Each time Jesus claimed to forgive sins, the crowds were shocked, because they rightly understood that all sins are ultimately an offense against God, and only the offended party can forgive sins. Jesus was making, in their opinion, the blasphemous claim to be God. We know that he was indeed claiming to be God, and that he was telling the truth. But even God does not forgive sins without appropriate sacrifice. God will by no means clear the guilty” (Ex.34:7; Num.14:18; Nah.1:3). A judge who says to a rapist or a murderer 'it's okay, I forgive you' would simply not be doing his job. He has an obligation to the state and to society and to the offended party to promote justice. God has an obligation to himself, to his own character. That is why Jesus is hanging on that cross. Because my sin has dishonored the infinite God, it demands and infinite punishment. I, a finite creature, could be punished for an infinite period of time; or the infinite God could pay the infinite price in my place. That is what is happening on the cross. Jesus, the infinite God, takes the guilt of my sins on himself and suffers infinite punishment. So when Jesus says to the paralyzed man or to the tax collector or to the woman of the city 'your sins are forgiven', he is saying not only that he is God, the offended party, but also that he can justly forgive because he is about to pay the infinite price. Jesus said he “came not to be served but to serve, and to give his life as a ransom for many” (Mt.20:28; Mk.10:45).

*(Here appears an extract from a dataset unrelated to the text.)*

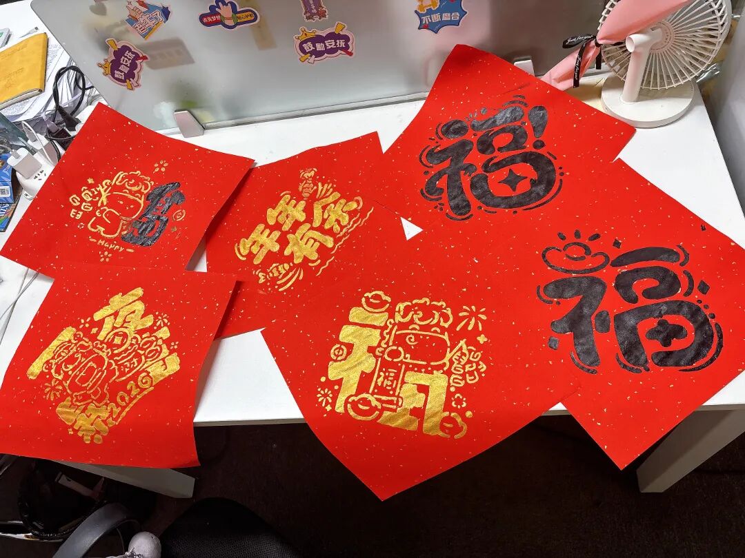 武汉&北京的办公室里,大家排着队,争先恐后留下自己的“福”迹。一张张拓印,虽然图案不同,却承载着相同的美好祝愿——把传统“福”运带到工位,也带回家!

When the rulers mocked Jesus, saying 'he saved others; he cannot save himself', the irony was that they spoke a truth deeper than they knew. In order to save others in the deepest sense, he could not save himself.
They also said “let him come down now from the cross, and we will believe in him.” This, too, on a superficial level was probably true. If Jesus summoned twelve legions of angels and supernaturally freed himself from the nails and healed himself of the scars and revealed his true identity in a blaze of transfiguration glory, the religious leaders would have to eat their words and would be forced to acknowledge that this Jesus must indeed be who he claimed to be. But that is not what believing, in the distinctly Christian sense, is. When a Christian says 'I believe in Jesus', what they mean is 'I am trusting in Jesus to forgive my sins based on the payment he made on the cross.' A Jesus who came down from the cross would be a Jesus who chose to disobeyed his Father. A Jesus who came down from the cross would be a Jesus who aborted the saving work he came to accomplish at its most critical point. That would be a Jesus who offered forgiveness but refused to make the necessary payment. A Jesus who came down from the cross would not be a Jesus worthy being believed in, in the truest sense of the word. For Jesus to be the object of our saving faith, he could not come down from the cross. He could not come down, not because of inability, but out of obedience and love. Jesus willfully chose to endure the cross so that we who believe in him could be saved.